» Task
Sift through the material below and return the lines with "onde".

Segment Start: Data for analysis

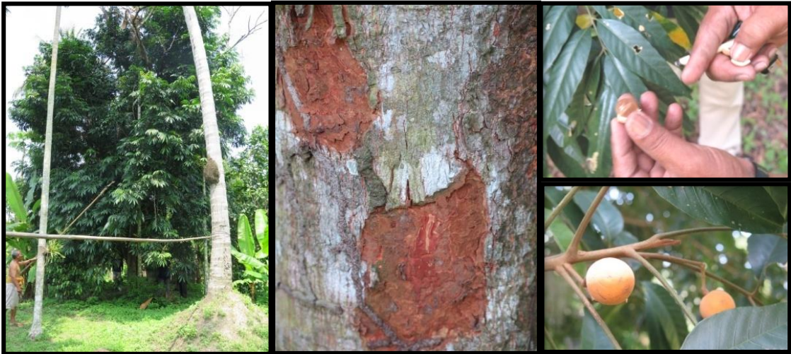
ต้นสังกะโต้ง
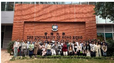
参访交流：香港大学
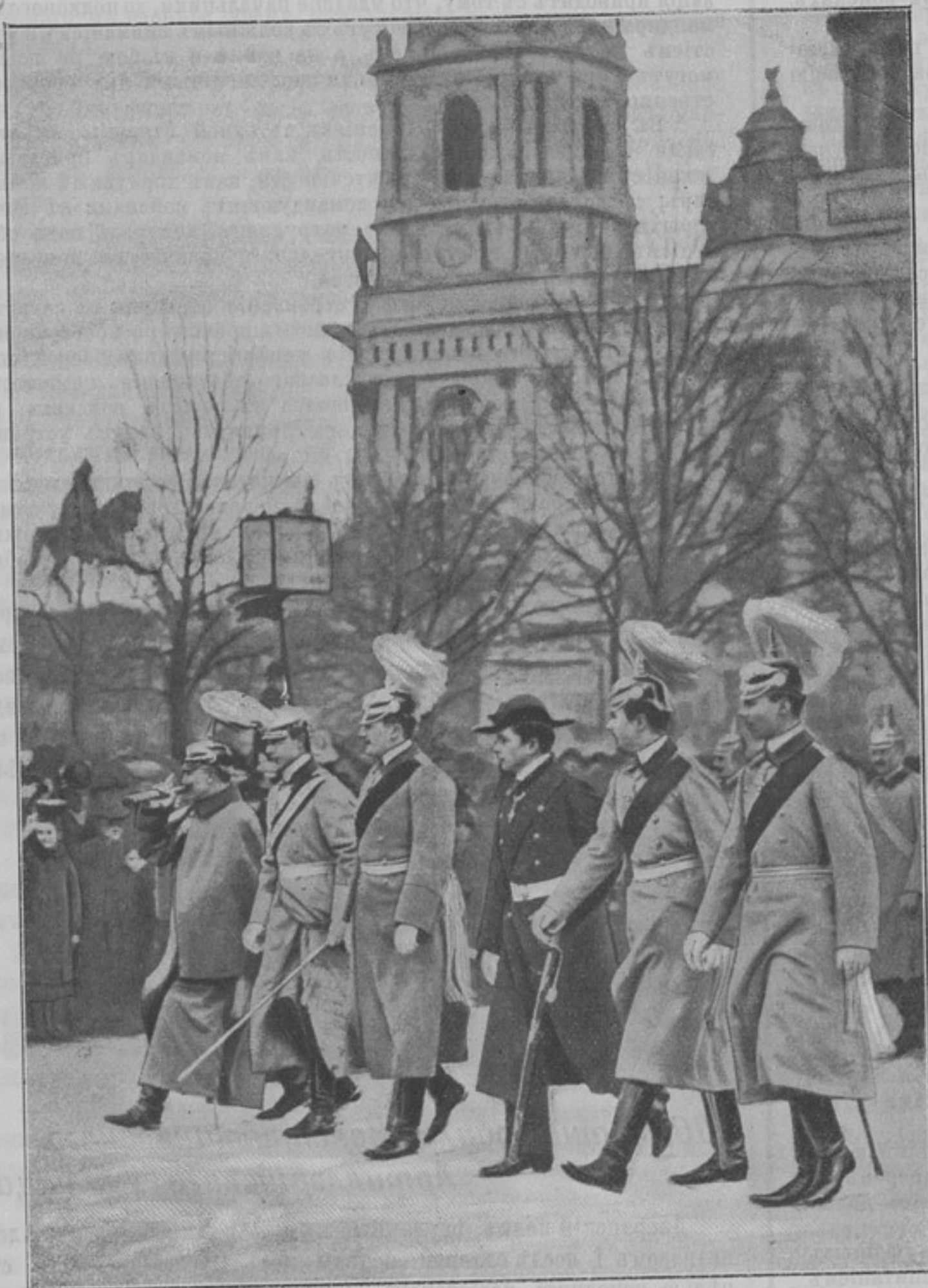
Императоръ Германскій Вильгельмъ II и его сыновья. 1) Вильгельмъ II. 2) кронпринцъ Фридрихъ. 3) принцъ Эйтель. 4) принцъ Адальбертъ. 5) принцъ Августъ. 6) принцъ Оскаръ.

ставляетъ уже цѣнное хранилище предметовъ, относящихся до жизни знаменитыхъ питомцевъ: Драгомирова, Щеголева, Черныяева и др. Весьма желательно, чтобы бывшіе воспитанники или ихъ родственники оказали содѣйствіе въ пополненіи музея документами, описаніями, рисунками, фотографіями и пр., относящихся до жизни дворянъ и константиновцевъ; этимъ они окажутъ услугу дѣлу, имѣющему въ стѣнахъ учебнаго заведенія высокое воспитательное значеніе. Предметы можно адресовать на имя хранителя музея капитана фонъ-Озаровскаго, который въ настоящее время занятъ также составленіемъ обширной исторіи Дворянскаго полка и преемственныхъ ему учебныхъ заведеній; къ дню юбилея предположено выпустить въ свѣтъ первый томъ, обнимающій собою періодъ въ 50 лѣтъ, а также списокъ всѣхъ питомцевъ, произведенныхъ въ офицеры за столѣтній періодъ. Въ память юбилея будетъ выбита соотвѣтствующая
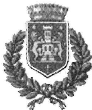
Comune di Castell’Arquato
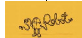
signification du mot robot en 1900 : « travail, besoin, corvée » 1920
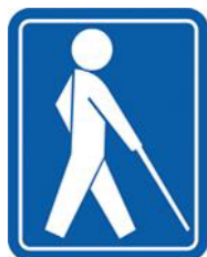
【盲人のための国際シンボルマーク】 所管：社会福祉法人日本盲人福祉委員会
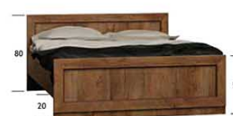
ŁÓŻKO T20 170x205 cm wymiar materaca 200x160
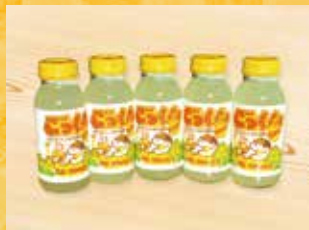
ごっくん馬路村 (馬路村農業協同組合)
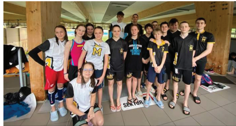
Regularne starty i świetne wyniki dały Manticę wysokie miejsca w klasyfikacji klubowej.

Pozwoliły one na zamknięcie klasyfikacji punktowej dla wszystkich klubów, które wzięły udział w lidze. I tak w roczniku 2012 UKS Manta Kochłowice zajęła czwarte miejsce, a UKP Ruda Śląska czternaste. W roczniku 2011 Manta została sklasyfikowana na drugim, a UKP na szesnastym miejscu. W zmaganiach młodzieży z rocznika 2010 Manta uplasowała się na trzecim miejscu, a UKP na dziewiątym, natomiast w roczniku 2009 drużyna Manty była czwarta, a zespół UKP dziesiąty. Wyniki te są podsumowaniem czterech edycji ligi dla każdego ze wspomnianych roczników – za-
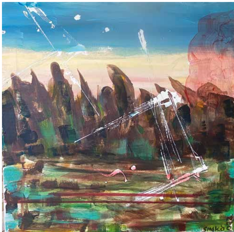
Kis talált táj, 2022, akril, vászon
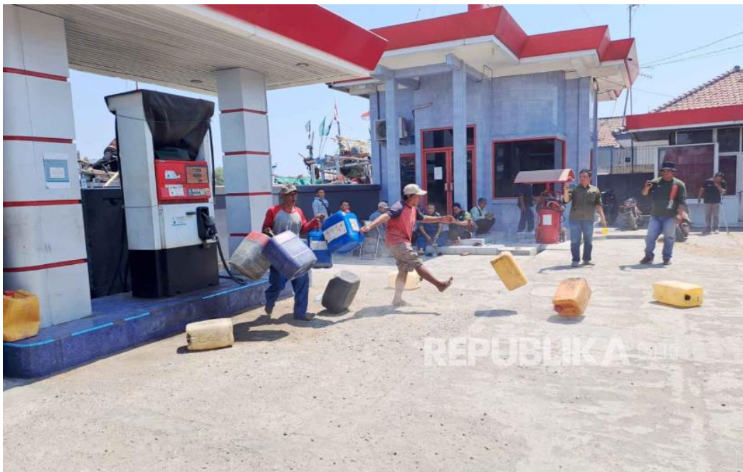
Gambar 1. 1 Nelayan Indramayu Mengamuk di SPBN Karangsong

Menurut Kusnadi (2002:202), tekanan sosial ekonomi yang dihadapi oleh nelayan dipengaruhi oleh berbagai faktor yang saling berkaitan dan cukup kompleks. Faktor-faktor tersebut dapat dibedakan menjadi dua kategori, yaitu faktor alamiah dan non-alamiah. Faktor alamiah meliputi perubahan musim penangkapan ikan serta keterbatasan kemampuan sumber daya manusia. Sementara itu, faktor non-alamiah mencakup terbatasnya akses terhadap teknologi penangkapan, kekurangan modal, ketimpangan dalam sistem pembagian hasil, serta ketiadaan jaminan sosial yang jelas bagi tenaga kerja nelayan, terutama tentang keahlian nelayan.
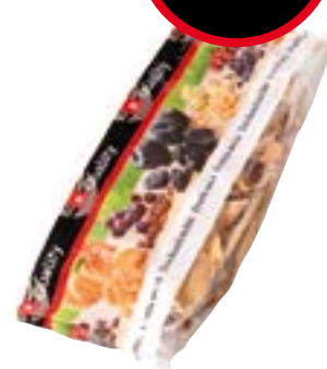
Mangue en tranches sans sucre
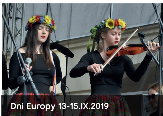
Dni Europy 13-15.IX.2019
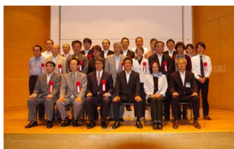
第21回横浜環境活動賞表彰式
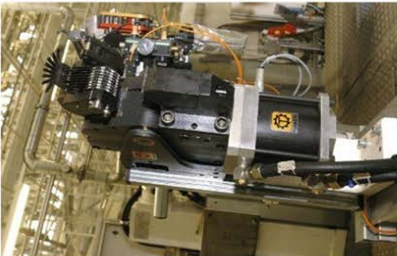
Zange mit Raderpragewerk.jpg
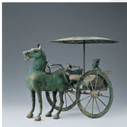
▲御駕駕馬銅轎車，漢代，武威市雷台漢墓出土
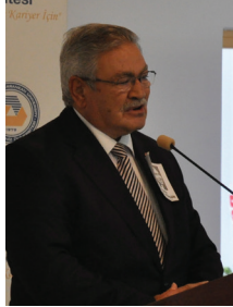
Bakan Ertuğrul Hasipoğlu
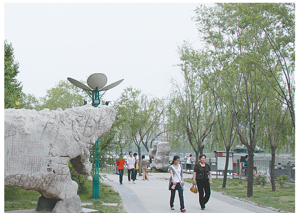
△漫步郑风苑，饱尝诗画情。
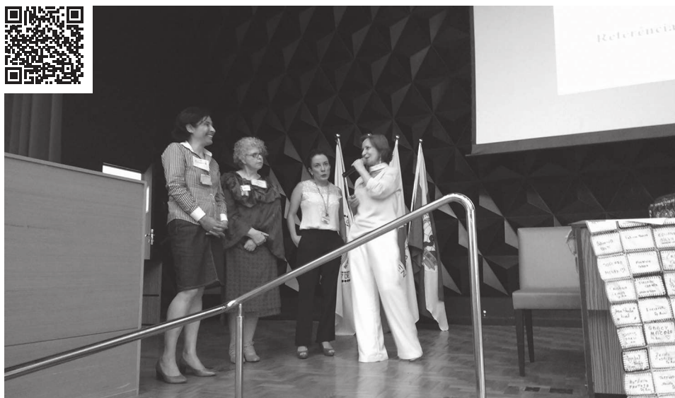
Figura 21.3. - 1º Fórum de Promoção de Saúde e Prevenção da Violência e 1º Fórum Para Elas. Por Elas, Por Eles, Por Nós - momento de lançamento do ambulatório/rede. QR Code: Acesso à imagem colorida.

O ambulatório/rede Para Elas funciona no Serviço de Ginecologia do 4º andar do Instituto Jenny Andrade Faria/HC, todas as sextas-feiras, de oito às 12 horas e conta com a atuação de profissionais de várias áreas do conhecimento. A mulher, ao entrar no ambulatório, recebe cuidados individuais e coletivos integrados, segundo sua necessidade e preferência, de modo que nessas interações sejam construídos vínculos ente elas e entre a equipe e elas; que elas tenham espaço e tempo para refletir, analisar criticamente e vislumbrar soluções para o seu problema e para a sua vida; que elas encontrem motivos e estímulos para continuar e aderir a tais práticas, inclusive no espaço onde vivem; e, enfim, que substituam o cuidado fragmentado por outro integral, participativo e de qualidade, por elas próprias construído.
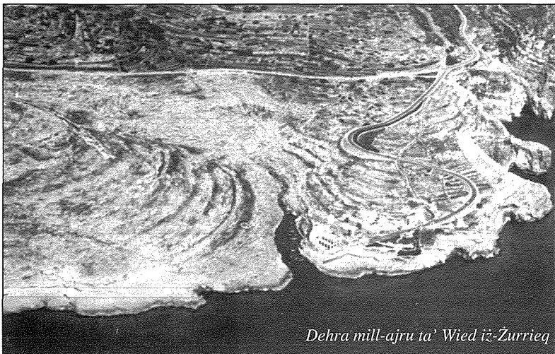
Dehra mill-ajru ta' Wied iż-Żurrieq

Għalkemm din l-invasjoni qatt ma sehhet, hu mifhum minn kwartieri għoljin tas-servizzi, illi kieku din saret, ma tantx kienet haġa faċli li kienet se tirnexxi, billi fl-operazzjoni ta' Kreta li fuqha kienet se titmexxa, l-kundizzjonijiet kienu differenti u ċ-ċansijiet kienu juru li kienet se tkun diżastruża għall-ghadu. Lejn l-aħħar ta' l-1942, wara s-suċċessi ta' Operation Pedestal u convoys ohra, kif ukoll minħabba li l-provvisti kienu żdiedu f'kemm dak li hu fuel għall- ispitfires , bombers u proviżjon għall-kanuni, il-hsieb ta' din l-operazzjoni sfuma fix-xejn. L-invasjoni ta' Sqallija minn Malta nehħiet kull tama ċkejna li seta' kien baqa'.
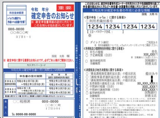
※「確定申告のお知らせ」ハガキのイメージです

3年前より、確定申告書の送付が無くなり、代わりに「確定申告のお知らせ」というハガキまたは通知書が送付されることになりました。このハガキ及び通知書には青色・白色申告の種類や消費税の申告に関すること、また納付税額の確定に必要な予定納税の額など、確定申告に必要な情報が記載されておりますので、お手元に届いた方は、忘れずに必ず申告会場へ持参願います。
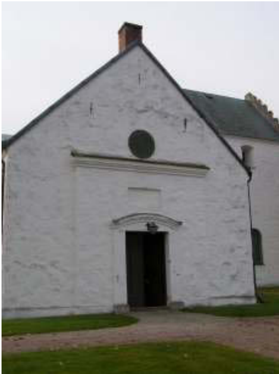
Entrén på gaveln till Nykyrkan.
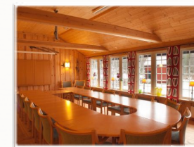
Konferanserom for opp til 30 personer. Prosjektor, whiteboard-tavle og papirtavle.
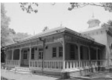
数々の歴史を刻み込んだ記念館

平塚の歴史が刻み込まれた建物が多く、市民に愛されるように、わかりやすく親しみやすい愛称を募集しま
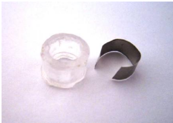
شکل ۱- مولد جهت تهیه دیسک‌های کامپوزیت رزین

هر یک از لوله‌ها با کامپوزیت رزین P60 (3M ESPE, St. Paul, MN, USA) به صورت یک لایه‌ای پر شدند. برای پلیمریزه کردن کامپوزیت رزین در گروه‌های اول و دوم از دستگاه لایت کیور هالوژن Coltolux75 (Coltene, Whaledent, NJ, USA) به ترتیب به مدت ۲۰ و ۴۰ ثانیه، با شدت 800 \text{ mw/cm}^2 و با حداقل فاصله از سطح کامپوزیت رزین کیور شدند.
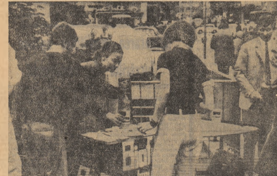
R. F. A. GERMANIEI. Colectă organizată la Frankfurt pe Main, pentru ajutorarea victimelor conflictului nigeriano-biafrez
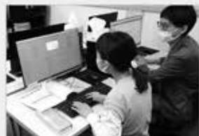
先生1名に生徒2名までの超少人数制
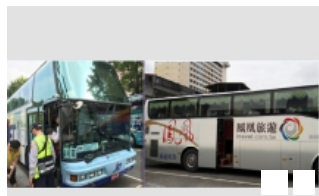
消保處抽檢遊覽車滅火器 不 ...
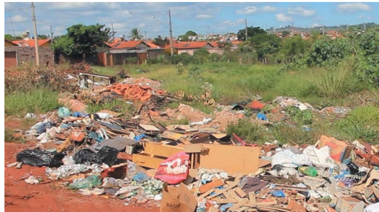
Sem ter onde descartar entulho, moradores descartam às margem do bairro Santa Tereza

Além disto, o vereador falou da necessidade de se colocar uma coleta regular de entulhos nos bairros São Sebas-
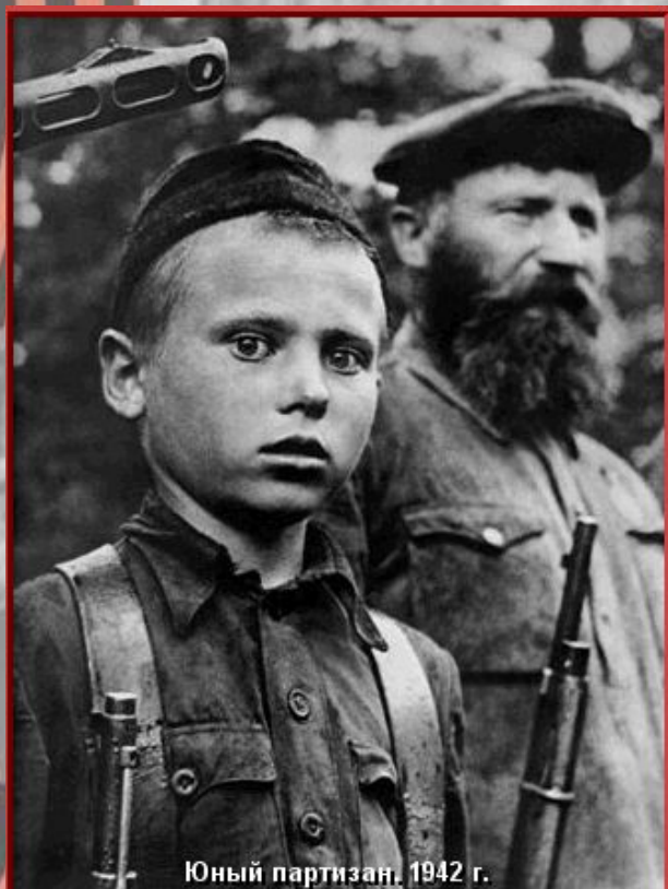
Юный партизан. 1942 г.
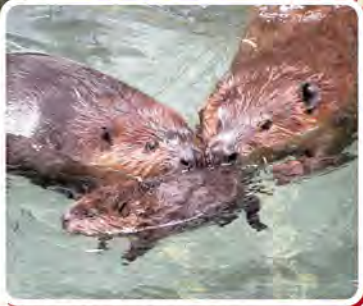
▲お父さんやお姉さんに運ばれるビーバーの子ども

〒781-5233 高知県香南市野市町大谷738 tel. 0887-56-3500 fax. 0887-56-3723 https://www.noichizoo.or.jp/
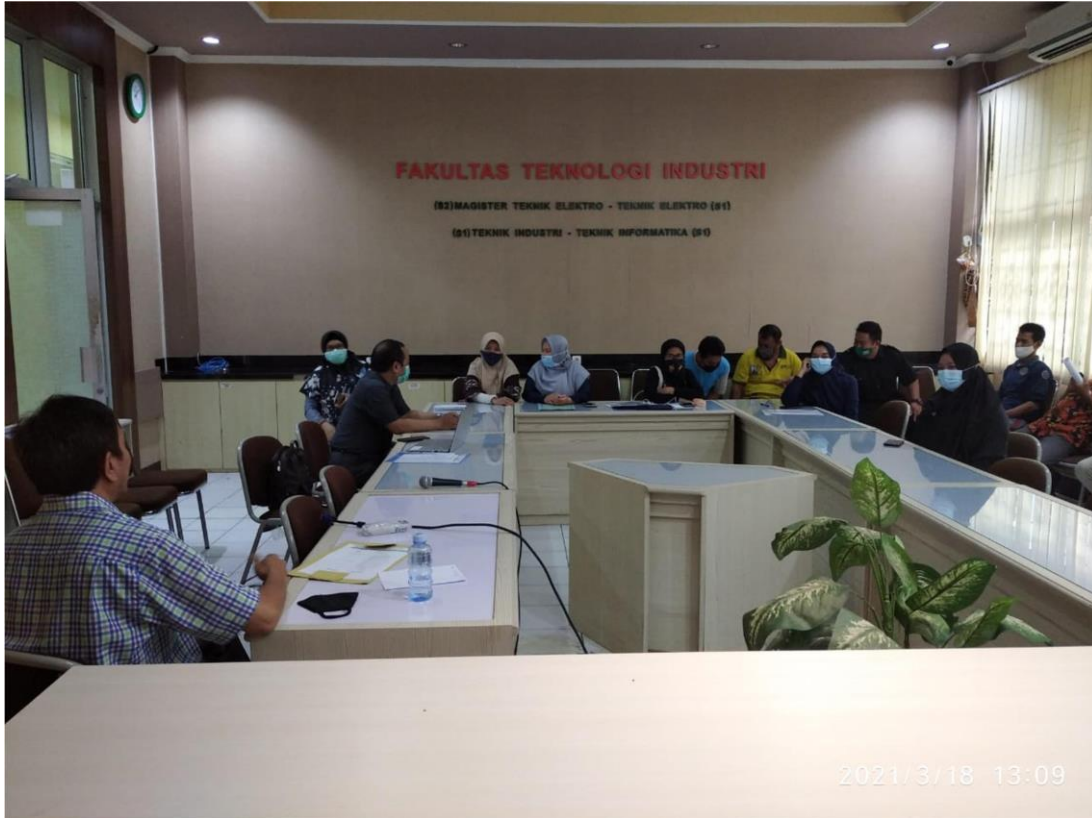
Gambar 2. Sosialisasi Tracer Studi Mahasiswa

Segment End: Data for analysis

» Solved problem
O ambulatório/rede Para Elas funciona no Serviço de Ginecologia do 4º andar do Instituto Jenny Andrade Faria/HC, todas as sextas-feiras, de oito às 12 horas e conta com a atuação de profissionais de várias áreas do conhecimento. A mulher, ao entrar no ambulatório, recebe cuidados individuais e coletivos integrados, segundo sua necessidade e preferência, de modo que nessas interações sejam construídos vínculos ente elas e entre a equipe e elas; que elas tenham espaço e tempo para refletir, analisar criticamente e vislumbrar soluções para o seu problema e para a sua vida; que elas encontrem motivos e estímulos para continuar e aderir a tais práticas, inclusive no espaço onde vivem; e, enfim, que substituam o cuidado fragmentado por outro integral, participativo e de qualidade, por elas próprias construído.
Sem ter onde descartar entulho, moradores descartam às margem do bairro Santa Tereza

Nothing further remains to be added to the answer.